La population guyanaise croît plus vite que le corps médical, dégradant l’accès aux soins


Déjà sous-dotée en professionnels de santé, au regard de sa population et de son étendue, la Guyane a subi une dégradation des conditions d’accès aux médecins généralistes entre 2015 et 2018. C’est ce que révèle un indicateur mis au point par le service statistique (Drees) du Ministère de la Santé. Au-delà de ces difficultés d’accès, en 2023, la proportion de professionnels de santé reste plus faible qu’aux Antilles et que dans l’hexagone.


En se basant sur la densité moyenne de médecin en France, la commune de Camopi, très isolée et étendue mais peuplée de plus de 1 800 habitants, devrait compter 6 médecins. Un seul est en poste à temps complet au centre de Santé, même si le centre hospitalier de Cayenne met désormais à disposition une équipe mobile selon les besoins. Cette situation reflète ce que vivent de nombreux habitants du département, marqué par un croissance démographique rapide et une dispersion de l’habitat qui rendent d’autant plus complexe le rattrapage du retard en matière d’accès aux soins.

En janvier 2023, la Guyane compte 717 médecins, selon la base de données de la Drees, soit 238 pour 100 000 habitants, contre 338 pour la France entière. Plus de la moitié de ces médecins exercent en hôpital public (52%, contre moins de 25% à l’échelle nationale). Les médecins libéraux, moins nombreux, ont aussi une moyenne d’âge un peu plus élevée (56 ans) qu’aux Antilles.

4 fois moins d’orthophonistes

L’accès aux dentistes est aussi problématique. Si les Antilles et la Réunion sont aussi bien dotées qu’en moyenne nationale, la Guyane en compte proportionnellement deux fois moins, avec seulement 88 professionnels inscrits. Le même constat peut être dressé pour les pharmaciens. Le nombre d’orthophonistes est minime : seulement 25 inscrits, soit 4 fois moins que dans l’hexagone (une dizaine de départements français se trouve dans une situation similaire). Seul le nombre de sages-femmes est surreprésenté en Guyane, comme dans les autres régions d’outre-mer, avec près 67 professionnelles pour 100 000 habitants (36 en France).

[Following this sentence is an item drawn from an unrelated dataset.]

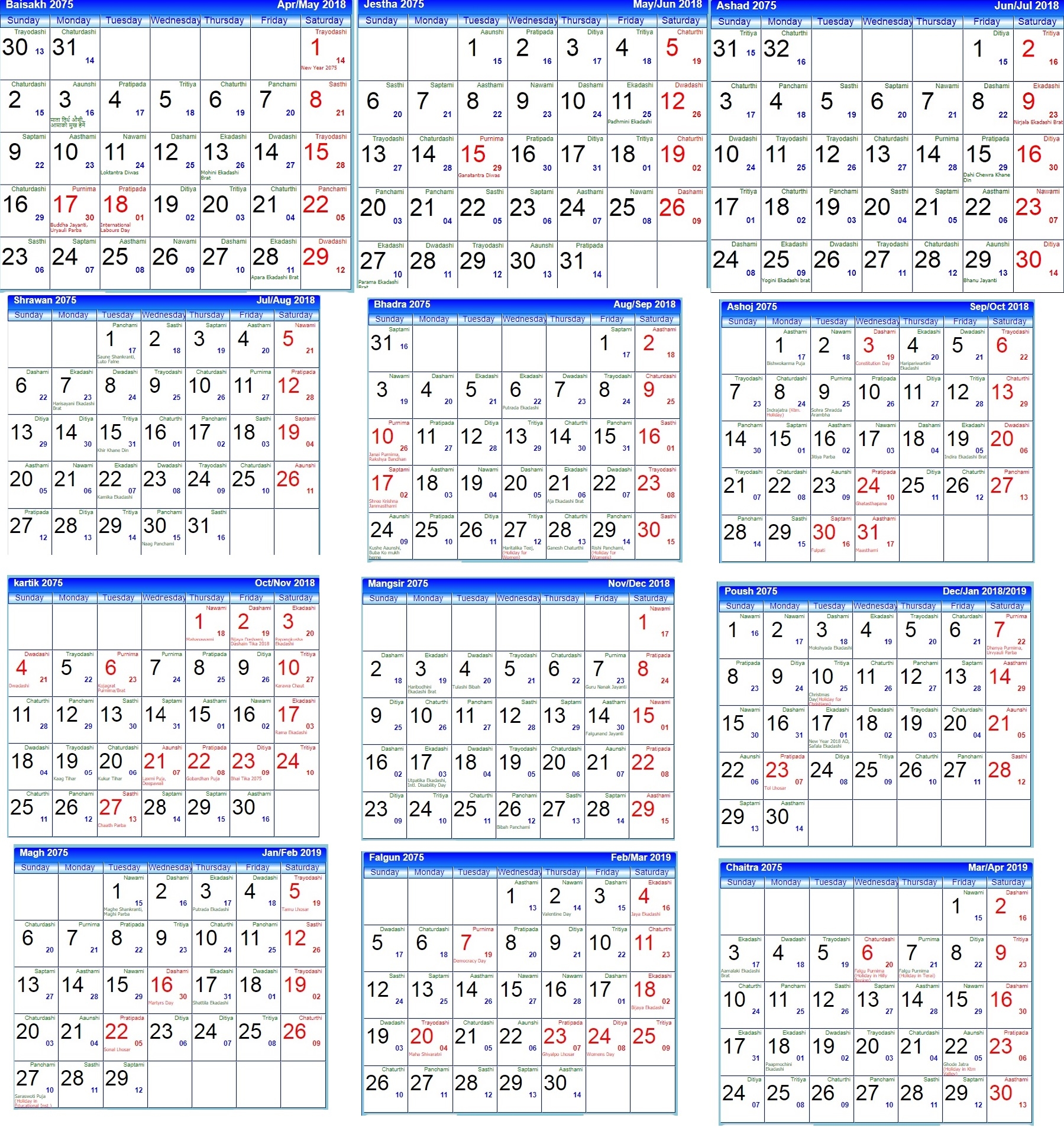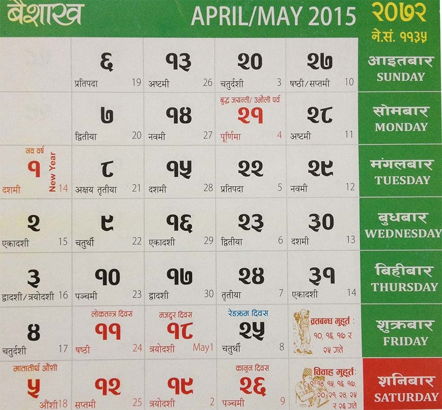 Download and Print 2025 Nepali Calendar In English With Tithi Listed below

Le nombre de lits d’hospitalisation est inférieur de 15% aux taux constatés dans l’hexagone. Fin 2018, on comptait 260 lits pour 100 000 habitants (médecine, chirurgie, obstétrique, odontologie). Au regard de la population, il y a aussi trois fois moins de places d’accueil pour adultes handicapés, en foyers ou en ESAT. Selon une étude médicale réalisée en 2016 en Guyane, le territoire compterait 3 000 enfants atteints de troubles du spectre autistique, avec une faible proportion réellement identifiée et des capacités largement insuffisantes en IME ou pour l’aménagement de scolarisation.

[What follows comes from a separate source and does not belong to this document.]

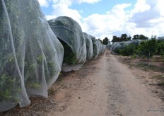 An orri orchard covered with hail nets. The weather can be very weird and they can have in once a bit of hail. This way they protect the trees and the fruit.
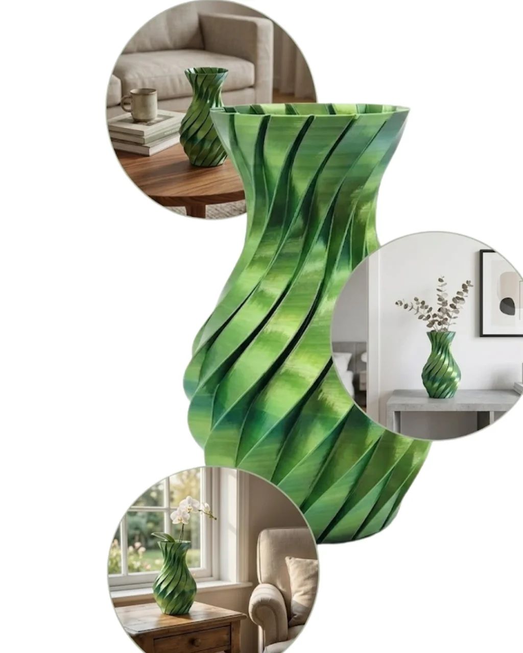 Yaşam alanlarınıza modern bir dokunuş katmak istiyorsanız, yeşil spiral 3D vazo tam aradığınız parça. Özgün tasarımı ve dikkat çekici spiral formu sayesinde bulunduğu ortamda fark yaratır. Canlı yeşil rengi doğadan ilham alarak mekâna enerji ve ferahlık katar.Estetik görünümünün yanı sıra kullanışlı yapısı ile de öne çıkar. Hafif ve sağlam yapısı sayesinde farklı alanlarda rahatlıkla kullanılabilir. Salon sehpası, TV ünitesi, raf veya masa üzerinde dekoratif obje olarak konumlandırılabilir.Modern, minimal ve çağdaş dekorasyon tarzlarıyla uyum sağlayan bu vazo, hem günlük kullanım hem de özel dekorasyon düzenlemeleri için idealdir. Şık ve zarif tasarımı ile evinize değer katar.

Des problèmes de santé plus fréquents

Ces retards sont d’autant plus préoccupants que l’état de santé de la population est globalement moins bon que dans les départements de l’hexagone. Selon l’Enquête Santé 2019, 68% des personnes interrogées se déclarent en “bon” ou “très bon” état de santé, soit presque autant que dans l’hexagone (71%), et plus qu’aux Antilles (moins de 60%). En Guyane, cette étude s’est limitée aux communes accessibles par la route, laissant donc de côté celles où l’accès aux soins est le plus limité. Ce qui représente tout de même 10 communes et près de 31 000 personnes en 2020 (11% de la population guyanaise). 

Sur le littoral, on relève tout de même un état de santé moins bon qu’ailleurs en France, avec des difficultés motrices plus fréquentes (10%, 4% dans l’hexagone), des difficultés sévères de vue (8%, contre 2% dans l’hexagone) et une prévalence plus élevée de symptômes dépressifs en Guyane (22 %) relativement au reste de la France (10 %).